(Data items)
•••
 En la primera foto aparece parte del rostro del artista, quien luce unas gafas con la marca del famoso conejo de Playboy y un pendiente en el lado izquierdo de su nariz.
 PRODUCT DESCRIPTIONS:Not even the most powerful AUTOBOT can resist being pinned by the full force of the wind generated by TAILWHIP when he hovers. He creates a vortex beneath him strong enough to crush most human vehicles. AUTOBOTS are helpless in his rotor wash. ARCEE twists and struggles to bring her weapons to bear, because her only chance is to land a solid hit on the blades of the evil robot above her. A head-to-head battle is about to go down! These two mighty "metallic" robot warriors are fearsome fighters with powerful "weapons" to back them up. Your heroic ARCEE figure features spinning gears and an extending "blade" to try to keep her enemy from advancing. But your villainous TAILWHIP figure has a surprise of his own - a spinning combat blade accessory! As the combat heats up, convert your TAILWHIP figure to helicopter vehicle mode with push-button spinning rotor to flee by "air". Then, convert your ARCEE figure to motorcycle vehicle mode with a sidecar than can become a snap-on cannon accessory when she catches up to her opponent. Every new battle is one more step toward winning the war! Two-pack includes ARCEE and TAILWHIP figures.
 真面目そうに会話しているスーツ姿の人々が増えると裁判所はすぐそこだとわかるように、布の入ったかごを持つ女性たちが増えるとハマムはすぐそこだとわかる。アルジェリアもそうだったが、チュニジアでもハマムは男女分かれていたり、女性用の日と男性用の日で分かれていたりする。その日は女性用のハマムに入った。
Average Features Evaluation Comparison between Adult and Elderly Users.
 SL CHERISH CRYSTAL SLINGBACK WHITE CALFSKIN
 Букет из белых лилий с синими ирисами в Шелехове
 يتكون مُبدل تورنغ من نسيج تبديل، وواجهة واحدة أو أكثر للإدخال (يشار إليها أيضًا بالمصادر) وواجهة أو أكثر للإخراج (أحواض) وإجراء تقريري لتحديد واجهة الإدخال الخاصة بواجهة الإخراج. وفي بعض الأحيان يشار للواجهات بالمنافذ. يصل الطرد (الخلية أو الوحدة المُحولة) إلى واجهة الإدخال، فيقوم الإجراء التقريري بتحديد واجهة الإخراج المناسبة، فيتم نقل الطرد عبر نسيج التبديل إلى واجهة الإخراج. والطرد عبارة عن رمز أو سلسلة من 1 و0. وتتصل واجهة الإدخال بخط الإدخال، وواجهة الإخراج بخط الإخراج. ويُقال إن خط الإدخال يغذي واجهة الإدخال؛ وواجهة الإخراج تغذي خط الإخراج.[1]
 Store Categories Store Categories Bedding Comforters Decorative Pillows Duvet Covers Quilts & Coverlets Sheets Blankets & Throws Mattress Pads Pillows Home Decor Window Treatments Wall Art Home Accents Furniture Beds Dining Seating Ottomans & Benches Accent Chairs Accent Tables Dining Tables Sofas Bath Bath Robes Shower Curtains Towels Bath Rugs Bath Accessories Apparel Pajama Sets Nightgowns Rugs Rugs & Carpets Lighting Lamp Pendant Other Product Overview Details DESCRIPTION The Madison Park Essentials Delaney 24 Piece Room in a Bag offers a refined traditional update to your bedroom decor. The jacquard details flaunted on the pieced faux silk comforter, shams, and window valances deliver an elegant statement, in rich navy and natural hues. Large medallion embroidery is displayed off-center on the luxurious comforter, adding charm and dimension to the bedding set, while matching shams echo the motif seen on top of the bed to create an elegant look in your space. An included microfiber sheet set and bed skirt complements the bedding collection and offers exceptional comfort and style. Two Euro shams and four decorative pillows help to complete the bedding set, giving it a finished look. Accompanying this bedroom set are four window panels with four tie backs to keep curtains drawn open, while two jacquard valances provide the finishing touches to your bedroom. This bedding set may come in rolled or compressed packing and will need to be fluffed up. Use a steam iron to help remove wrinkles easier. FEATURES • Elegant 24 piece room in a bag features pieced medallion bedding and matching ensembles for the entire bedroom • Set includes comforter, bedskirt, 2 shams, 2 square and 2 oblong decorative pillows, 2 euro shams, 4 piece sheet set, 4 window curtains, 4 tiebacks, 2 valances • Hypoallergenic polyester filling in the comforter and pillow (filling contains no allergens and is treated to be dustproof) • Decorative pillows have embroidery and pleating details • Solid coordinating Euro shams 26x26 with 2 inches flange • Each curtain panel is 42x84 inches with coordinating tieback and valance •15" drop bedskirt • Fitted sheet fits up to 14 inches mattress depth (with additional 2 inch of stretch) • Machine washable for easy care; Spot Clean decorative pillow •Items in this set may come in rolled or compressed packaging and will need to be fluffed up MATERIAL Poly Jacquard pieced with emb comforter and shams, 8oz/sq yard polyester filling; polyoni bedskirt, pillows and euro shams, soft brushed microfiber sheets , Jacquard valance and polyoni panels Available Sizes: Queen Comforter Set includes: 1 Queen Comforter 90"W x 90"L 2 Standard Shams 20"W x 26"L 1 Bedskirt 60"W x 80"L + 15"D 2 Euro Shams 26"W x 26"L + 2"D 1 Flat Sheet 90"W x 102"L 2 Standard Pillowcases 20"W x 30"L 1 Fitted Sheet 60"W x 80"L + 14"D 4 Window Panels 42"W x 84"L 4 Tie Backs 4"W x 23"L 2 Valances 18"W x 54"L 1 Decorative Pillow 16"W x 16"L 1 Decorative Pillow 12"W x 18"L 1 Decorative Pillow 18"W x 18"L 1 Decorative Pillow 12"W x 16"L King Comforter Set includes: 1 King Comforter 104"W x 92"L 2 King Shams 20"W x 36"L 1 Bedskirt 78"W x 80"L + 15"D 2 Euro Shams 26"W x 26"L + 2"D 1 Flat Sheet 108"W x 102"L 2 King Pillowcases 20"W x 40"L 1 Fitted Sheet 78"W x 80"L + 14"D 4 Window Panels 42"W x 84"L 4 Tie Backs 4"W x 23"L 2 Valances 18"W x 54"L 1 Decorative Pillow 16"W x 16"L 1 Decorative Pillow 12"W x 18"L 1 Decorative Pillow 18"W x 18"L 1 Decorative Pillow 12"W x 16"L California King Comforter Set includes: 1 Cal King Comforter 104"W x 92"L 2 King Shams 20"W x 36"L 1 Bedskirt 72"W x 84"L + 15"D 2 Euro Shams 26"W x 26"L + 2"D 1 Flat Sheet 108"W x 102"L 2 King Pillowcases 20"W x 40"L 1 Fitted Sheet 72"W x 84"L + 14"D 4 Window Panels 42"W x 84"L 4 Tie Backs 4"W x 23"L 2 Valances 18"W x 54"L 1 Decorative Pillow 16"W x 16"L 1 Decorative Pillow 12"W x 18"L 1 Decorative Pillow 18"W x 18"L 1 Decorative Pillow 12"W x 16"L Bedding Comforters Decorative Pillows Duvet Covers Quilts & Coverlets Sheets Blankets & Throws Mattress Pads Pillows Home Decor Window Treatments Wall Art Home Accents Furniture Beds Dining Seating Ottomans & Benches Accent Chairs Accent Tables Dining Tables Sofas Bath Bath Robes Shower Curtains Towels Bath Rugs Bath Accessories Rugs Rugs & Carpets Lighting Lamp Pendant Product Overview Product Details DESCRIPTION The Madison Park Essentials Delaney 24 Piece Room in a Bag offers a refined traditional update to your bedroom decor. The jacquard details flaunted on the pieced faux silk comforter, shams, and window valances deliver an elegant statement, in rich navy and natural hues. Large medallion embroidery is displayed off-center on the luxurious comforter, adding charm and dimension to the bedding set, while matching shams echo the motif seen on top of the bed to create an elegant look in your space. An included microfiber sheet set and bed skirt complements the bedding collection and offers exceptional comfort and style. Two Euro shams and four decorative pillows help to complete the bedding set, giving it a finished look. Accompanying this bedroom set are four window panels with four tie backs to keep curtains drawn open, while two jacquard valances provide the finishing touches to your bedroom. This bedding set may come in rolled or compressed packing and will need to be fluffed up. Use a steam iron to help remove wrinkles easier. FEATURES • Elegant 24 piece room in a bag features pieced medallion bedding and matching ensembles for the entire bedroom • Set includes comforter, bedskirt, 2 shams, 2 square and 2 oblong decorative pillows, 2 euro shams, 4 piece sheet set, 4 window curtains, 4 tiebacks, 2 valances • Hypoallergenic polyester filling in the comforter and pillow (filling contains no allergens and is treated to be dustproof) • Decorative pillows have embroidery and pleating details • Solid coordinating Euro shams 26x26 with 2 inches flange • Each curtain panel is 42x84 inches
•••
-- Exercise objective --
Above are the records; repeat exactly the lines from the one holding "Average Features Evaluation" down to the one holding "Букет из белых", end lines included.

-- Output below --
Average Features Evaluation Comparison between Adult and Elderly Users.
 SL CHERISH CRYSTAL SLINGBACK WHITE CALFSKIN
 Букет из белых лилий с синими ирисами в Шелехове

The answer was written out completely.